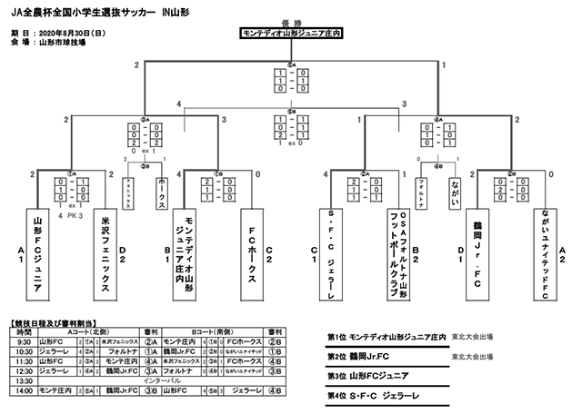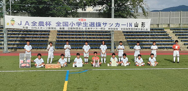 公開日 2020.08.31 JA全農杯全国小学生選抜サッカー IN山形 モンテディオ山形ジュニア庄内優勝 2020年8月29日・30日に行われたJA全農杯全国小学生選抜サッカー IN山形において、モンテディオ山形ジュニア庄内が優勝し、2021年3月開催予定の東北大会への出場が決定しましたのでお知らせします。 決勝トーナメント結果 (画像のクリックで大きいサイズでご覧いただけます) #アカデミー ニュース一覧
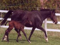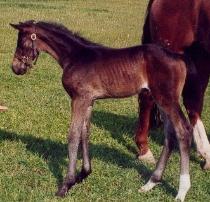 Champion Stallion in Oldenburg in 1987 and has 16 approved sons and 26 states premium mare daughters. He achieved a score of 9 on his trot, canter, ability to work and rideability. D'lady had a lovely dark bay colt with a perfect star and two hind socks. "Ceto" had a rough start to life after his mother developed Placentitis during her pregnancy. He was born dysmature and had to be helped up to nurse for the first few days. Thankfully he has no lasting effects from his ordeal. SOLD - Congratulations Rachel. MARONJO/SPS WARKANDA - "Meinhard" Huge brown colt (turning grey) by the Grand Prix stallion Maronjo out of our States Premium Warkant mare. He is a big teddy bear and so easy to deal with. SOLD - Congratulations Rachel. BORDEAUX / LESANDRA - "Beowulf" Bordeaux is by the famous Bolero out of a Grande dam and is currently competing at Grand Prix level dressage. Bordeaux was reserve champion at his 100 day testing and scored 145.96 in rideability! Lesandra is an Elite Eligible Mare and is the sweetest mare you could ever know. This colt should be a fantastic dressage prospect with a temperament that anyone could handle and should mature around 16.1 hands (a user-friendly size!). Comments from inspection: "This is a VERY fancy colt! Very typey, beautiful neck set, harmonious topline. EXTRAORDINARY hind end - rarely seen in a foal of this age!!" - SOLD - Congratulations Diana. |
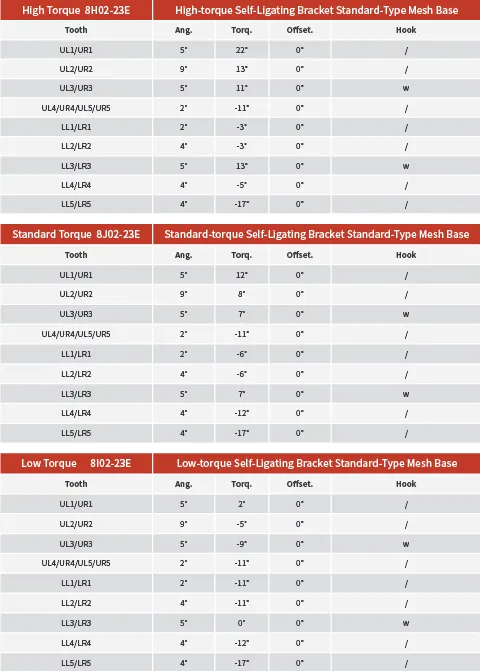 A patented full sliding door design with high, medium and low torque options ( Damon Prescription) and additional gingival auxillary slot for better control.
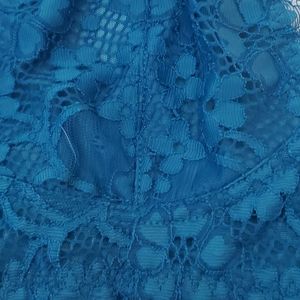 Sides and back are stretch lace with mesh lining and sewn-on elastic at top and bottom edges.
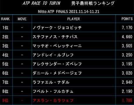 男子テニス最終戦のNitto ATPファイナルズ(イタリア/トリノ、室内ハード)出場をかけた「RACE TO TURIN」(最終戦出場ランキング)が19日に更新され、上位陣に大きな変動はなかった。
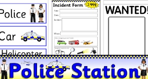 A very useful group of printable resources for use in a Police Station role-play are. Includes a re-sizable banner image and printable wanted posters. Also included is a set of labels with pictures plus a ‘make a disguise’ set where children can decorate the faces with various disguises.
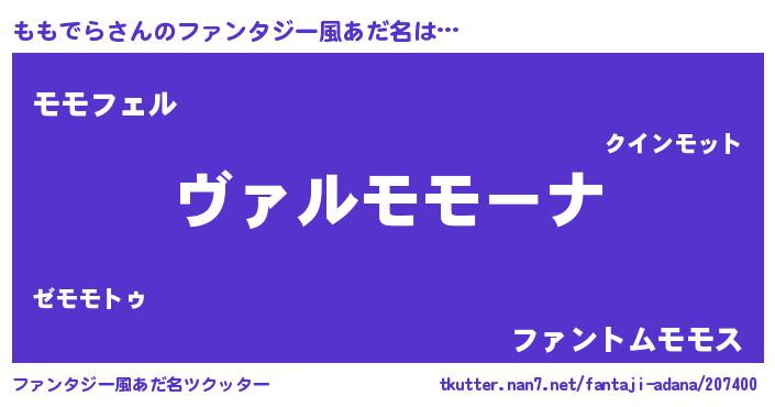 | 男性向けラノベタイトル風あだ名 | 『この素晴らしい世界にももでらを!』 |
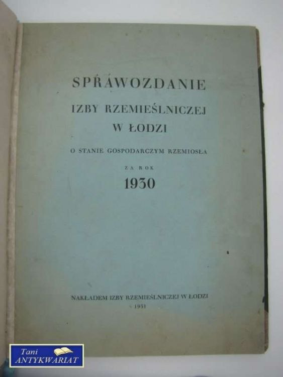 SPRAWOZDANIE IZBY RZEMIEŚLNICZEJ W ŁODZI 1930
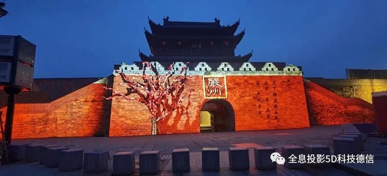 现代光影技术演绎千年古城风采。数台激光工程投影机为澄清门妆点光影外衣,电光流影、美轮美奂,为古镇游客讲述着半朵梅花、龙山书院的历史印迹和文化图腾。古今交错,一眼千年,尽显古城魅力。

Required work
Write the data out again word for word; leave the pictures behind.

Response
 公開日 2020.08.31 JA全農杯全国小学生選抜サッカー IN山形 モンテディオ山形ジュニア庄内優勝 2020年8月29日・30日に行われたJA全農杯全国小学生選抜サッカー IN山形において、モンテディオ山形ジュニア庄内が優勝し、2021年3月開催予定の東北大会への出場が決定しましたのでお知らせします。 決勝トーナメント結果 (画像のクリックで大きいサイズでご覧いただけます) #アカデミー ニュース一覧
 Champion Stallion in Oldenburg in 1987 and has 16 approved sons and 26 states premium mare daughters. He achieved a score of 9 on his trot, canter, ability to work and rideability. D'lady had a lovely dark bay colt with a perfect star and two hind socks. "Ceto" had a rough start to life after his mother developed Placentitis during her pregnancy. He was born dysmature and had to be helped up to nurse for the first few days. Thankfully he has no lasting effects from his ordeal. SOLD - Congratulations Rachel. MARONJO/SPS WARKANDA - "Meinhard" Huge brown colt (turning grey) by the Grand Prix stallion Maronjo out of our States Premium Warkant mare. He is a big teddy bear and so easy to deal with. SOLD - Congratulations Rachel. BORDEAUX / LESANDRA - "Beowulf" Bordeaux is by the famous Bolero out of a Grande dam and is currently competing at Grand Prix level dressage. Bordeaux was reserve champion at his 100 day testing and scored 145.96 in rideability! Lesandra is an Elite Eligible Mare and is the sweetest mare you could ever know. This colt should be a fantastic dressage prospect with a temperament that anyone could handle and should mature around 16.1 hands (a user-friendly size!). Comments from inspection: "This is a VERY fancy colt! Very typey, beautiful neck set, harmonious topline. EXTRAORDINARY hind end - rarely seen in a foal of this age!!" - SOLD - Congratulations Diana. |
 A patented full sliding door design with high, medium and low torque options ( Damon Prescription) and additional gingival auxillary slot for better control.
 Sides and back are stretch lace with mesh lining and sewn-on elastic at top and bottom edges.
 男子テニス最終戦のNitto ATPファイナルズ(イタリア/トリノ、室内ハード)出場をかけた「RACE TO TURIN」(最終戦出場ランキング)が19日に更新され、上位陣に大きな変動はなかった。
 A very useful group of printable resources for use in a Police Station role-play are. Includes a re-sizable banner image and printable wanted posters. Also included is a set of labels with pictures plus a ‘make a disguise’ set where children can decorate the faces with various disguises.
 | 男性向けラノベタイトル風あだ名 | 『この素晴らしい世界にももでらを!』 |
 SPRAWOZDANIE IZBY RZEMIEŚLNICZEJ W ŁODZI 1930
 现代光影技术演绎千年古城风采。数台激光工程投影机为澄清门妆点光影外衣,电光流影、美轮美奂,为古镇游客讲述着半朵梅花、龙山书院的历史印迹和文化图腾。古今交错,一眼千年,尽显古城魅力。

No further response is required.